Dalam upaya memperkuat ketahanan pangan nasional, semangat gotong royong antara TNI dan masyarakat terus nyata di lapangan. Salah satu contohnya terlihat di Desa Gedang-Gedang, Kecamatan Batuputih, Kabupaten Sumenep. Di sana, Babinsa Koramil 15/Batuputih Kodim 0827 Sumenep, Sertu Purwanto, tak ragu turun langsung ke sawah mendampingi para petani melakukan pemupukan tanaman jagung.
Bagi Sertu Purwanto, langkah ini bukan sekadar tugas rutin, melainkan wujud nyata kepedulian terhadap para petani yang menjadi ujung tombak ketahanan pangan di daerah. Dengan memberikan semangat, arahan, dan memastikan pemupukan dilakukan secara tepat, diharapkan hasil panen jagung dapat tumbuh maksimal — bukan hanya untuk kebutuhan lokal, tapi juga menopang pasokan pangan nasional.
“Kami tidak ingin hanya sekadar mengawasi dari jauh. Babinsa hadir untuk memastikan petani mendapatkan dukungan penuh, mulai dari pengolahan lahan, penanaman, hingga pemeliharaan tanaman. Semua ini bagian dari tekad kami untuk mewujudkan swasembada pangan di wilayah,” ujar Sertu Purwanto penuh semangat.
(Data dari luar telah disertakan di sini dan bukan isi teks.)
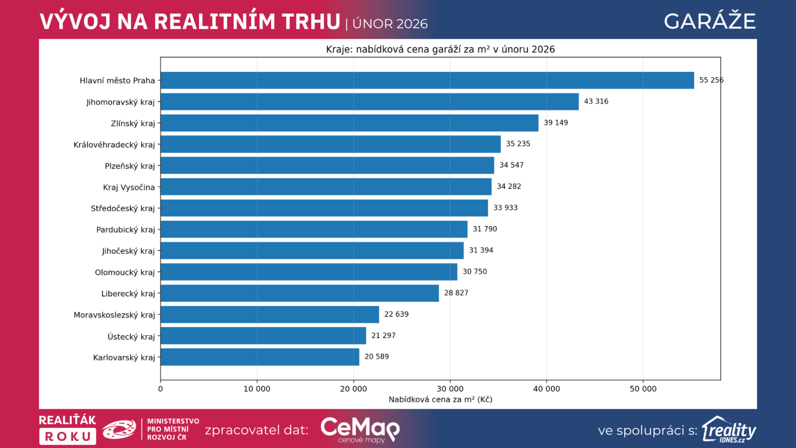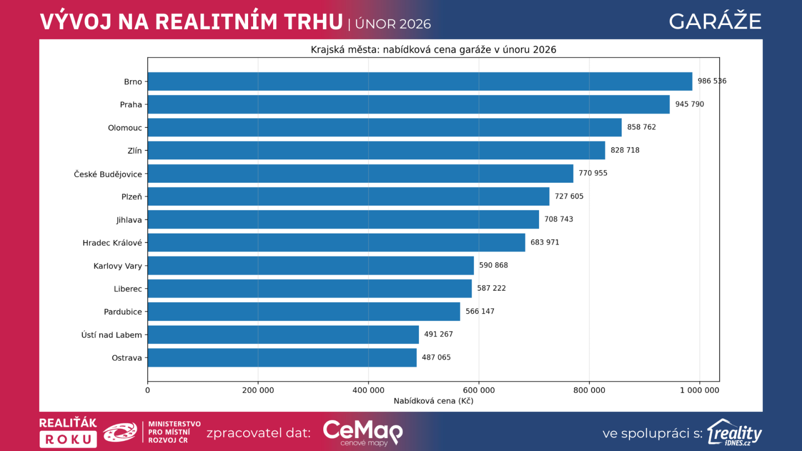 Vedle ceny za m² je ale užitečné sledovat i nabídkovou cenu garáže v korunách. Ta v únoru 2026 dosahuje v Praze 945 790 Kč, v Brně 986 536 Kč, v Olomouci 858 762 Kč, ve Zlíně 828 718 Kč a v Českých Budějovicích 770 955 Kč. Na krajské úrovni je nejvýš Hlavní město Praha s 945 790 Kč, Jihomoravský kraj s 914 609 Kč, Zlínský kraj s 720 526 Kč a dále Kraj Vysočina, Plzeňský a Středočeský kraj, všechny v pásmu zhruba 675 až 681 tisíc korun.

Pendampingan semacam ini menunjukkan bahwa ketahanan pangan bukan hanya tanggung jawab pemerintah, tetapi juga hasil sinergi antara aparat dan masyarakat. Kehadiran Babinsa di tengah petani menjadi bukti bahwa kekuatan pertanian Indonesia terletak pada kolaborasi — di mana tangan-tangan rakyat bekerja bersama semangat pengabdian TNI.
Salah satu petani jagung, Sanusi, mengungkapkan rasa terima kasihnya atas perhatian yang diberikan. “Pak Babinsa bukan cuma datang memberi arahan, tapi ikut bekerja bareng kami. Itu yang bikin kami semangat. Rasanya kami tidak sendiri menghadapi tantangan bertani,” tuturnya sambil tersenyum.
Kegiatan sederhana seperti ini menyiratkan pesan besar: bahwa kedaulatan pangan Indonesia dimulai dari desa, dari tanah yang digarap dengan tekun, dan dari kerja sama yang tumbuh di antara mereka yang peduli akan masa depan negeri. Saat petani dan Babinsa berjalan seiring, bukan mustahil swasembada pangan yang mandiri bisa benar-benar terwujud.